TIMB has signalled that a key policy priority remains moving up the value chain. The regulator is encouraging investment in local processing capacity to reduce reliance on raw leaf exports, which typically fetch between US$3,300 and US$8,000 per tonne. Plans are under way to raise the share of locally processed tobacco to around 30 percent of total output by 2030, in line with Zimbabwe’s Vision 2030 industrialisation targets and Special Economic Zone incentives.
The sector remains central to Zimbabwe’s rural economy. More than 130,000 households are involved in tobacco production, with over 85 percent of growers classified as small-scale farmers. Direct and indirect employment linked to the crop is estimated at around 250,000 people, spanning farm labour, transport, auction floors and ancillary services.
The strong export start follows a record 2025 marketing season. National output exceeded 353 million kilogrammes, a 52.92 percent increase from the 230.8 million kilogrammes recorded in 2024, when El Niño-induced drought had constrained yields.

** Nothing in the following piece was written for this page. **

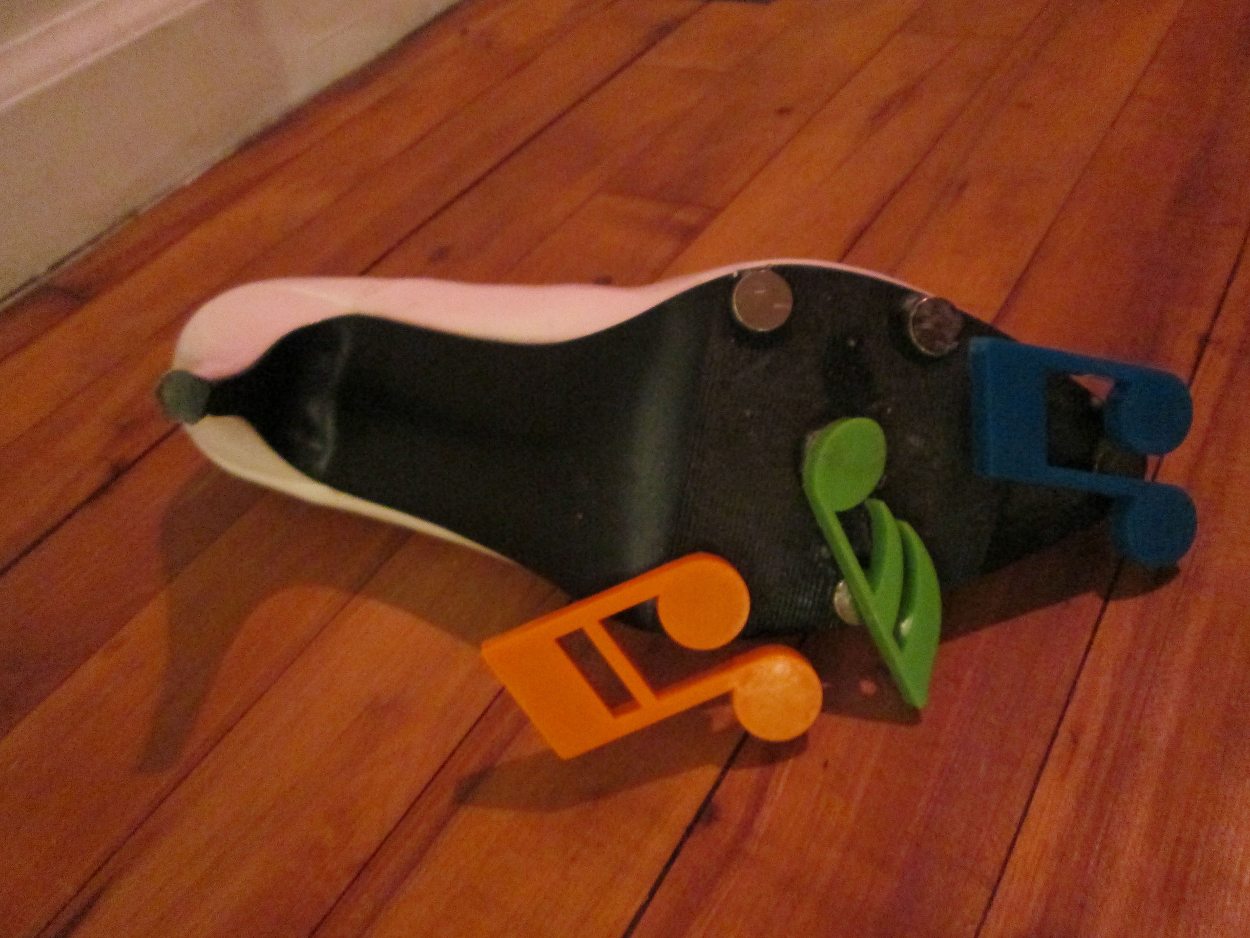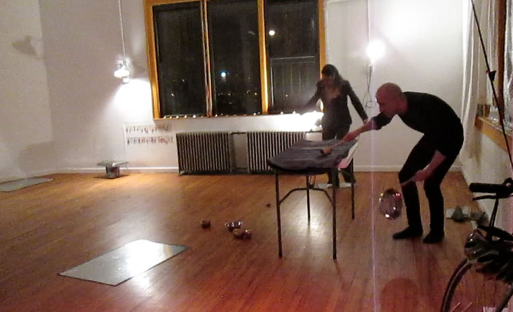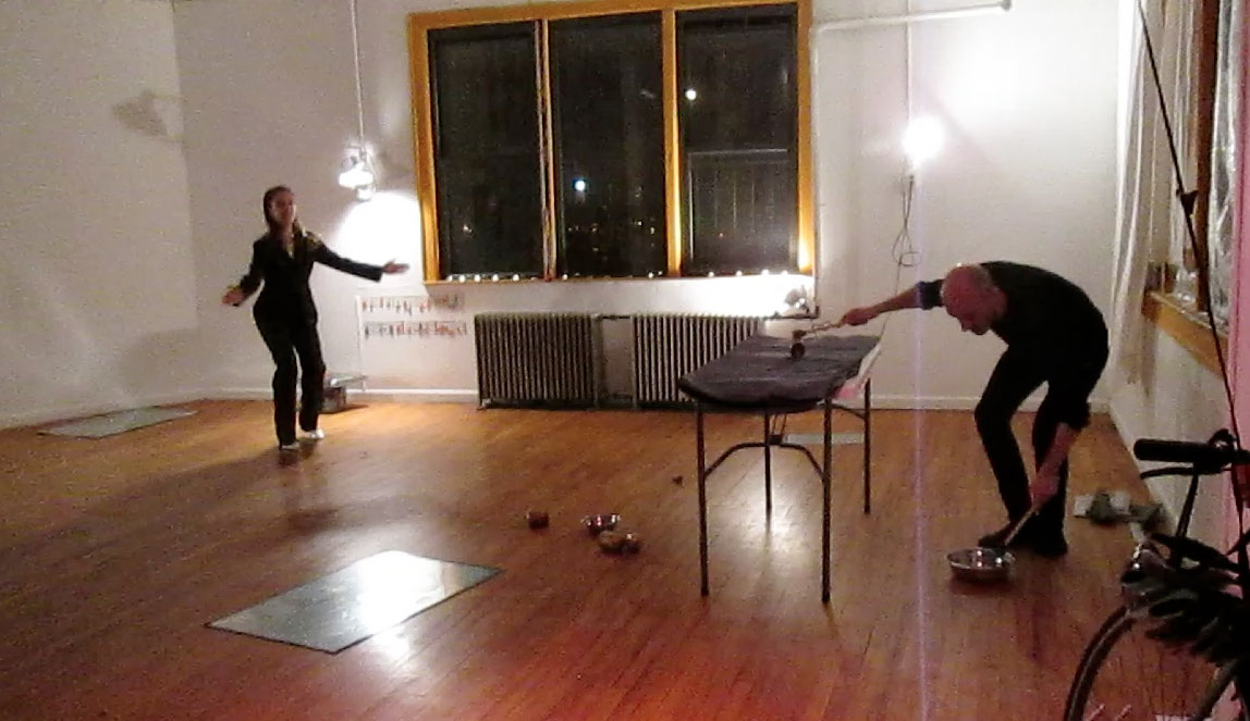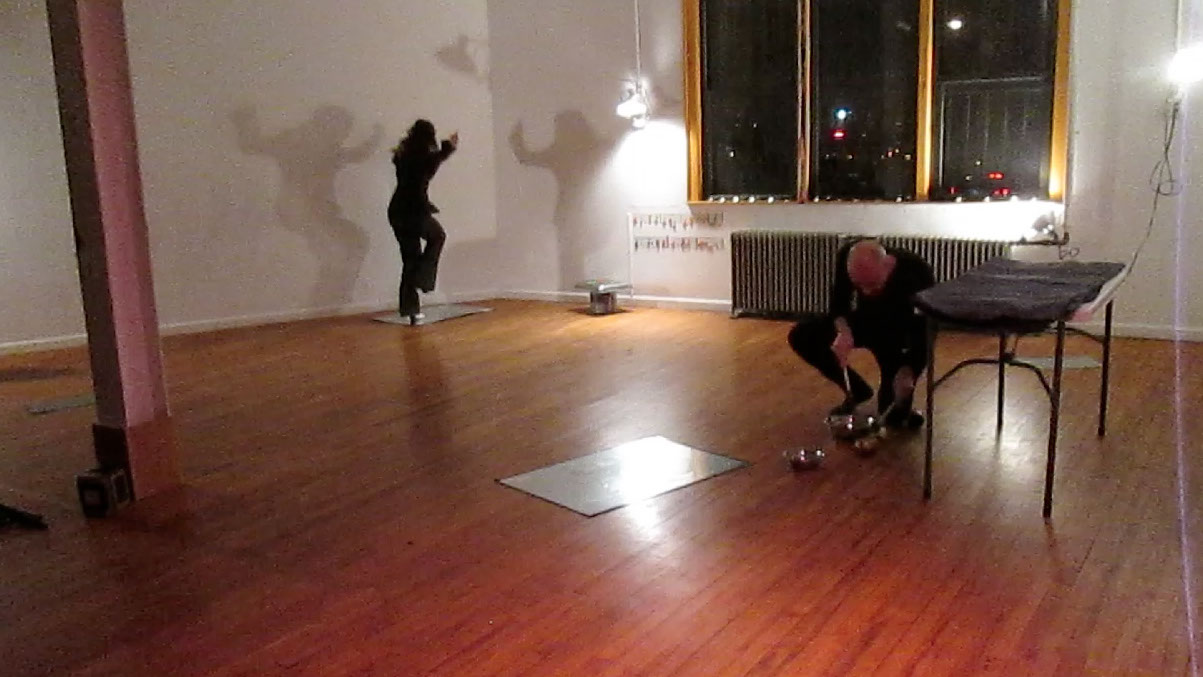 Compose or find a score (films may also be used) for dance and percussion. Only metal instruments should be used, and the dance should be performed on top of, and/or in contact with, a metal surface(s). Rehearse to coordinate the rhythms as well as possible. In performance, attach strong magnets to drum sticks and the dancer’s body (including shoes).

Earnings for the 2025 season surpassed US$1.17 billion, up 48.15 percent from US$791.7 million in the previous year.
As one of Africa’s largest tobacco producers and ranked fourth globally, Zimbabwe’s performance in early 2026 signals sustained recovery momentum. Export concentration in the Far East, widening price differentials across regions, and ongoing efforts to expand domestic processing will determine whether the current trajectory translates into longer-term structural gains for the sector and the broader economy.